Pa. sounds alarm on coronavirus vaccine hesitancy
A growing number of unfilled appointments and low uptake among nursing home workers are early signs that vaccine hesitancy is becoming an issue in Pennsylvania, prompting state officials to sound the alarm Friday and urge residents to get their COVID-19 shots as quickly as possible.
After months of demand outstripping supply, vaccines from Pfizer and Moderna are more readily available, and the Wolf administration said the challenge now is to assuage the concerns of people who are reluctant to get it.
Gov. Tom Wolf and state health officials on Friday toured a community vaccination clinic in Hershey that had openings. In nearby Lebanon
County, a mass vaccination clinic reported hundreds of available slots, something that might have been unthinkable weeks ago when providers were swamped with requests but didn’t have enough doses to give out.
“The appointment availability does give us cause for concern because it’s indicative of hesitancy, which really is the challenge to come,” said Alison Beam, the state’s acting health secretary, who joined Wolf at a news conference.
She said the fact that nearly half of Pennsylvania’s nursing home workers have declined the vaccine is further evidence of “how far we have to go and how much of a challenge overcoming this vaccine hesitancy will be in the near future.”
Only 53% of staff in skilled nursing facilities have opted to get the vaccine, according to Health Department data, even though the shots have been available to them for months.
With supplies increasing, the state expanded eligibility to everyone aged 16 and older this week. To date, Pennsylvania has vaccinated more than 40% of its eligible population, not including Philadelphia, which gets its supply directly from the federal government and runs its own program.

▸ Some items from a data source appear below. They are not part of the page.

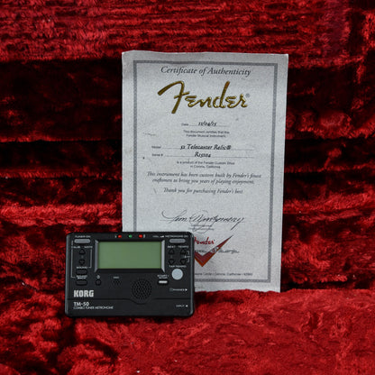 | Tech Notes: | This Telecaster plays well with low action and optimal neck relief. The frets are tall and show light play wear. It has been properly setup and intonated in standard tuning. |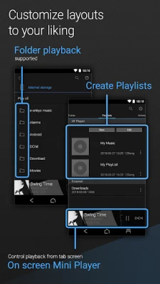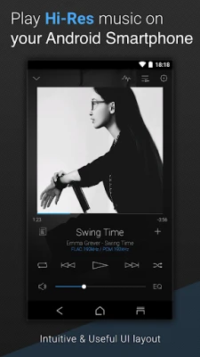 Get greater control of how music sounds on your Android device with our touch-adjustable linear-phase FIR equalizer, which offers 16,384 discrete bands of HD equalization with zero loss in audio quality. Create and save your own EQ presets or select an optimized filter created by professional musicians. HF Player for Android also enables playback of Hi-Res Audio formats including FLAC, 192 kHz/24-bit WAV, and DSD at no extra charge.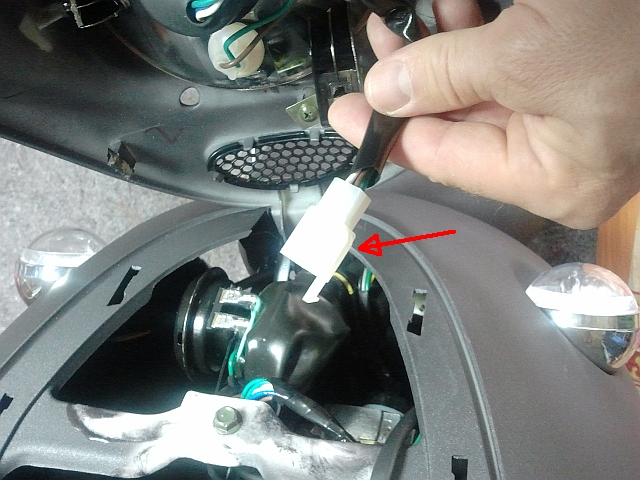Sei vorsichtig, aber auch bestimmt, denn es ist halt alles Plastik. Und schön vorsichtig, denn es hängt noch die Verkabelung der beiden Blinker und des Frontscheinwerfers dran, diese lösen ! Jetzt kannst du das gesamte Frontscheinwerfer-Teil entfernen oder du hast halt vorher schon deine Lampe/n gewechselt und nicht alles abgebaut. Evtl. kommst du jetzt auch schon an das Lenkkopflager oder was sonst.

Philadelphia reported Friday that its hospitals, pharmacies and mass vaccination sites are also suddenly having difficulty filling open slots, prompting city officials to abandon its phased rollout in favor of universal eligibility days ahead of schedule.
“It is a sign that the people who are most eager to get the vaccine have probably already been vaccinated,” said Dr. Thomas Farley, the city health commissioner. Now, he said, “we will have to work harder to persuade people to be vaccinated and make it easy for them.”
The reasons why some people remain hesitant tend to be similar across demographic, geographic and political groups, said state Health Department spokesperson Maggi Barton, and include “safety, efficacy and benefits for a post-vaccine world.”
While the decision to get vaccinate or not remains a personal one, she said, the state is “arming our communities with vaccine facts because good information leads to good decisions.”